- _Supplied material_
Start of Block

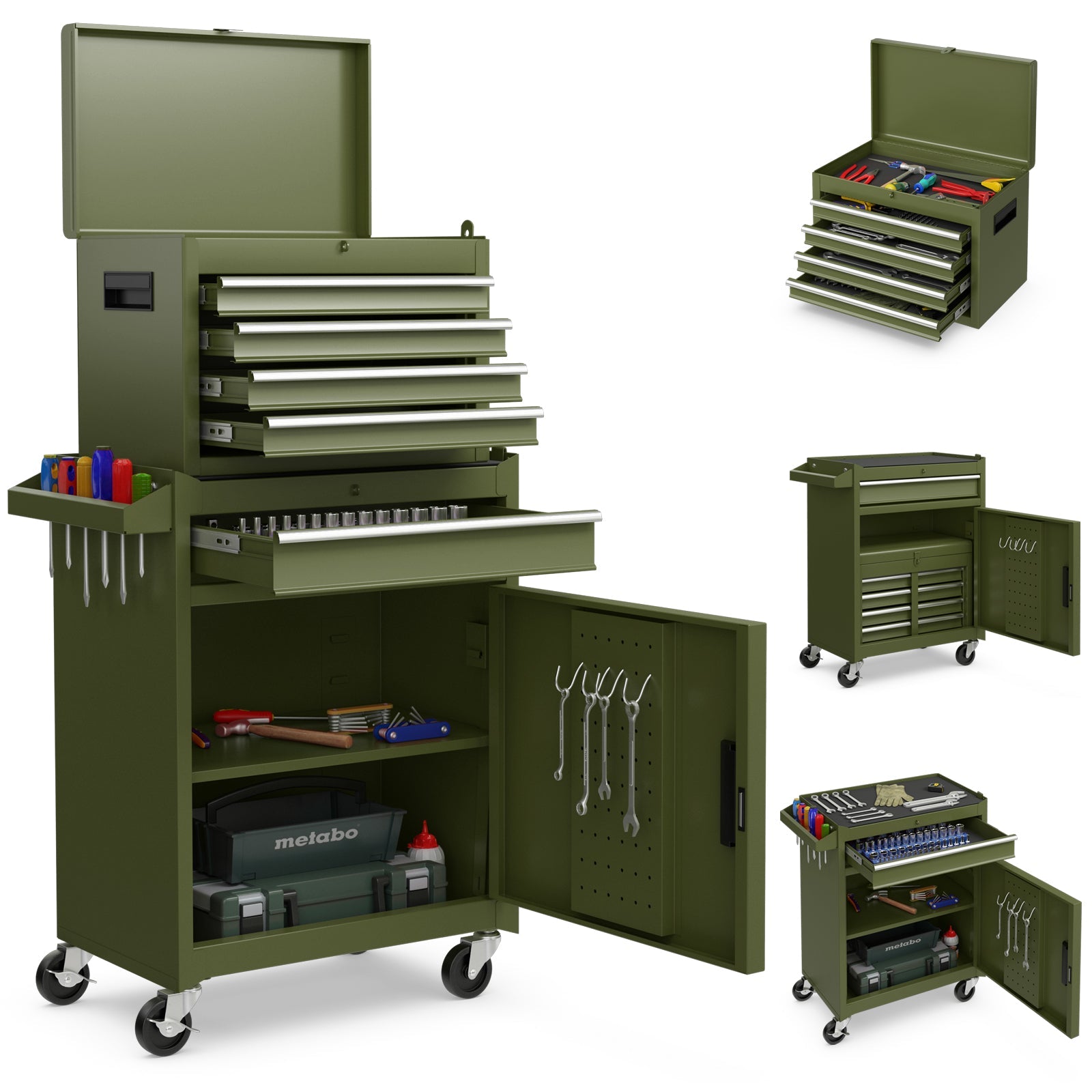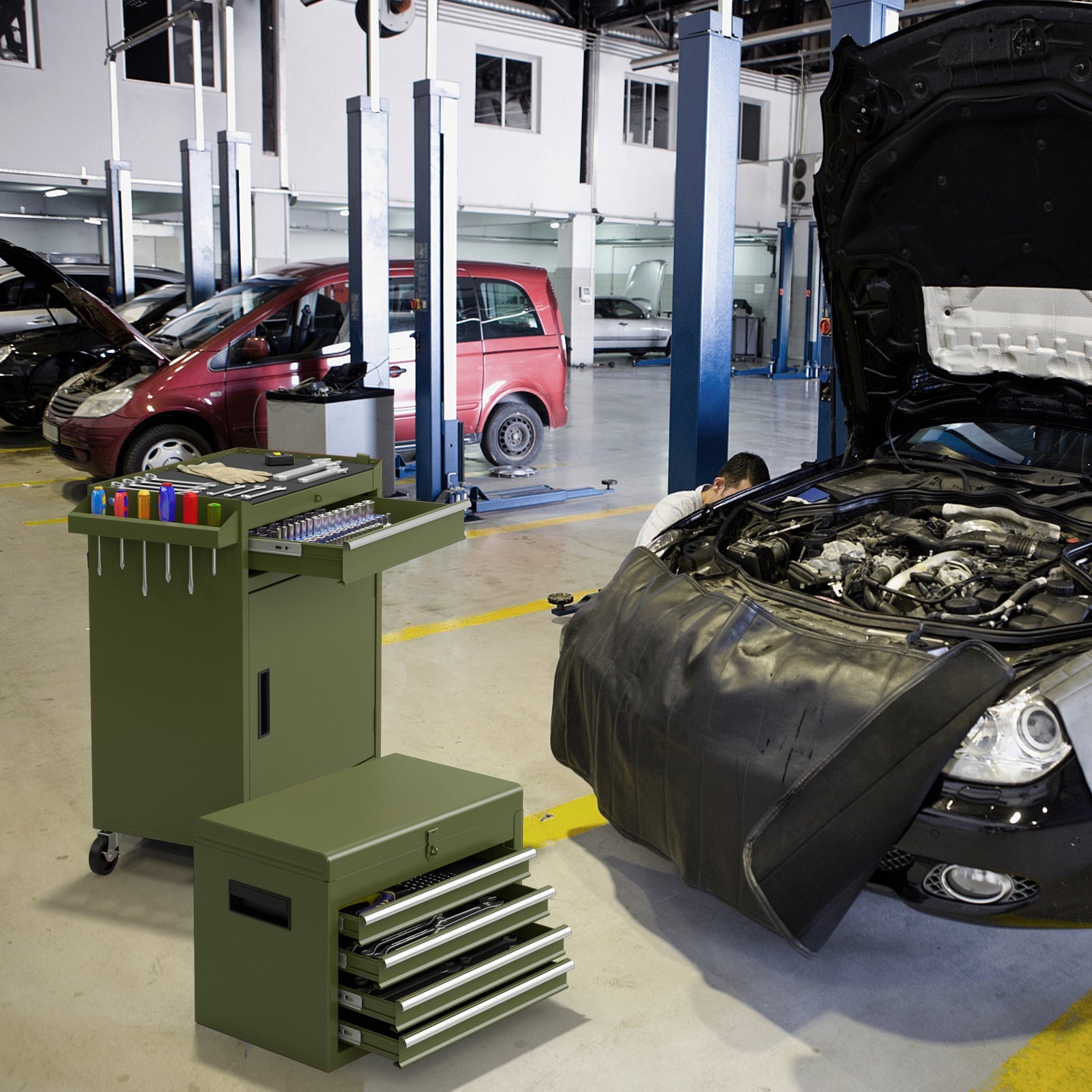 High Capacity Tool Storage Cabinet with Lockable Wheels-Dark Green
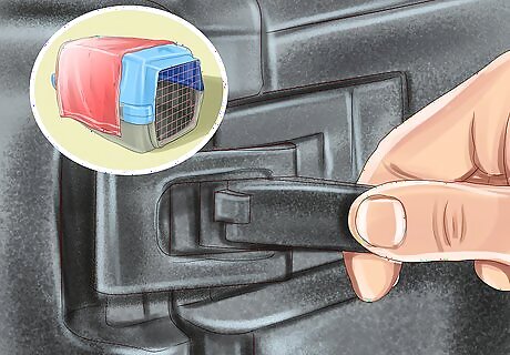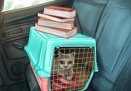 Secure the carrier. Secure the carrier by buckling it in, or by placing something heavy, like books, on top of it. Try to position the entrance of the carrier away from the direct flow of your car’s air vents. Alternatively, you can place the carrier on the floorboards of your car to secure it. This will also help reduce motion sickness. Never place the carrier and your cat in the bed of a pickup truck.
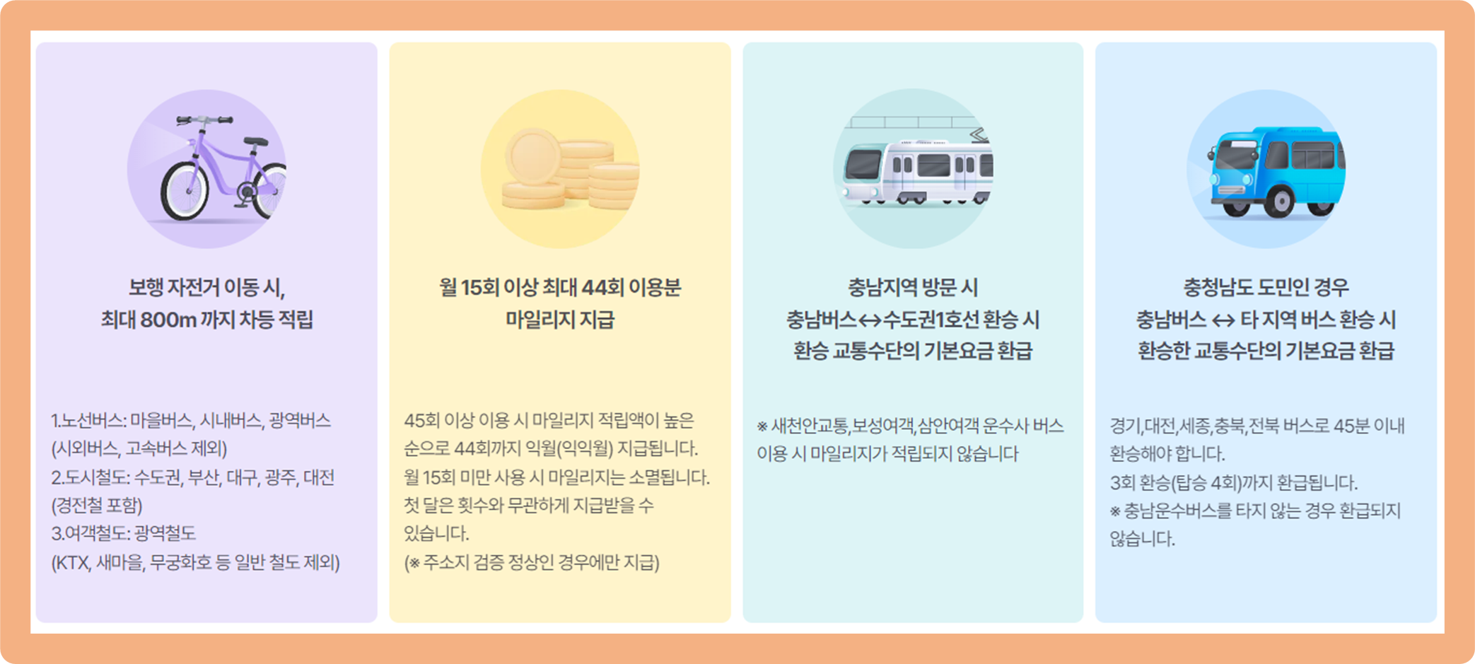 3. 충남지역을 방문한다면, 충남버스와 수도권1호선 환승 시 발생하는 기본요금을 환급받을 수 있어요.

End of Block
Start of Block

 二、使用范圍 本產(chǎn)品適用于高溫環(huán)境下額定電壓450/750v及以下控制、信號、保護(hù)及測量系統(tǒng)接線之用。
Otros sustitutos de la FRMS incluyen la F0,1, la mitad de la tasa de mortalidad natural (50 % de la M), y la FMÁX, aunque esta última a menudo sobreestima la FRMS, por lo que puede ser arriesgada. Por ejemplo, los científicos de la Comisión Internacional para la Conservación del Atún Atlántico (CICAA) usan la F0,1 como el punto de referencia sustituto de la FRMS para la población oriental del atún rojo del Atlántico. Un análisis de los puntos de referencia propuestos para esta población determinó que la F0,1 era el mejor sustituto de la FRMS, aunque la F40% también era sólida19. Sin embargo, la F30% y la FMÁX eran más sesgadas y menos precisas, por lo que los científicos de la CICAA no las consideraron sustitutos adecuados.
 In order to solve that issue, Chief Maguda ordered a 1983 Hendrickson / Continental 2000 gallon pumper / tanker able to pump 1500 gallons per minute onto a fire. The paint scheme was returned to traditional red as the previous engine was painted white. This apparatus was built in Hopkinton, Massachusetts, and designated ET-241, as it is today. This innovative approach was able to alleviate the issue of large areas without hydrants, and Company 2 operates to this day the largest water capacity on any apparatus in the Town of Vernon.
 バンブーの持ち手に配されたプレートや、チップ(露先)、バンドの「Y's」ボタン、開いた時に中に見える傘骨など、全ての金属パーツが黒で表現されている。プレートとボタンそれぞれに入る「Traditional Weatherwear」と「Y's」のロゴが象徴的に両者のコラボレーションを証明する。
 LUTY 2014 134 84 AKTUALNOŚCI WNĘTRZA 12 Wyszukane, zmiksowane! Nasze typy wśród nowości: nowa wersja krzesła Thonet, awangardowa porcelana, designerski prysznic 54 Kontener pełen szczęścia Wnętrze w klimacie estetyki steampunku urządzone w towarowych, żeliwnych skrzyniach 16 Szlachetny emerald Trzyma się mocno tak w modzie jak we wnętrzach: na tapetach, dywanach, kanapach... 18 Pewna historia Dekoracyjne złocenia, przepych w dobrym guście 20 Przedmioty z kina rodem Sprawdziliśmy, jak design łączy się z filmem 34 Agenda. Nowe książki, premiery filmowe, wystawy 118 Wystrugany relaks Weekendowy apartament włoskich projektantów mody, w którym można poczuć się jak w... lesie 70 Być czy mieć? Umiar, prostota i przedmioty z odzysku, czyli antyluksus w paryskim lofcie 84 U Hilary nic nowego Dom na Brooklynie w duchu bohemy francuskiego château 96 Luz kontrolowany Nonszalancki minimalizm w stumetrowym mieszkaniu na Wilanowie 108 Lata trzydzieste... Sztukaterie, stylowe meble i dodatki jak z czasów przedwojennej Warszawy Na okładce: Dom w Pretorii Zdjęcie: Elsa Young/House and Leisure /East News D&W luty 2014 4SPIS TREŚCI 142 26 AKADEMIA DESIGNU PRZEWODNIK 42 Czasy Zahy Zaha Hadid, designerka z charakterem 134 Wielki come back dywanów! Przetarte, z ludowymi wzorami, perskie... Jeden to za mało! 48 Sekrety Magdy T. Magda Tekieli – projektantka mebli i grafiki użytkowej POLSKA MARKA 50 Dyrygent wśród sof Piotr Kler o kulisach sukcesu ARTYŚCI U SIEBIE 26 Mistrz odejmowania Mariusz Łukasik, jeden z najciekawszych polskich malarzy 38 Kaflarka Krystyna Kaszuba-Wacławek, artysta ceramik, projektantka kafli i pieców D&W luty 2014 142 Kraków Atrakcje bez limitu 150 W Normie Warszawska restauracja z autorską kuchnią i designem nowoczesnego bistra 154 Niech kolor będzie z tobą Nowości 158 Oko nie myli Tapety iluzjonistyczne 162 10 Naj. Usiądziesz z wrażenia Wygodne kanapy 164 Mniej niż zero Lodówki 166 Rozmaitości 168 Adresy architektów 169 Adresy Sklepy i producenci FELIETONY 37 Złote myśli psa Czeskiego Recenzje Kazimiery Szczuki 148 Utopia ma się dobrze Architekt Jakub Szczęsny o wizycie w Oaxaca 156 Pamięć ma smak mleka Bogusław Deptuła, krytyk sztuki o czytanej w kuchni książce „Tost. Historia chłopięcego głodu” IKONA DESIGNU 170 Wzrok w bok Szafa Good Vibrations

End of Block

- _Goal of the exercise_
Leave out every picture, and copy exactly the lines above starting at the one holding "High Capacity Tool" and ending at the one holding "3. 충남지역을 방문한다면, 충남버스와", no more and no less.

- _Written response_
 High Capacity Tool Storage Cabinet with Lockable Wheels-Dark Green
 Secure the carrier. Secure the carrier by buckling it in, or by placing something heavy, like books, on top of it. Try to position the entrance of the carrier away from the direct flow of your car’s air vents. Alternatively, you can place the carrier on the floorboards of your car to secure it. This will also help reduce motion sickness. Never place the carrier and your cat in the bed of a pickup truck.
 3. 충남지역을 방문한다면, 충남버스와 수도권1호선 환승 시 발생하는 기본요금을 환급받을 수 있어요.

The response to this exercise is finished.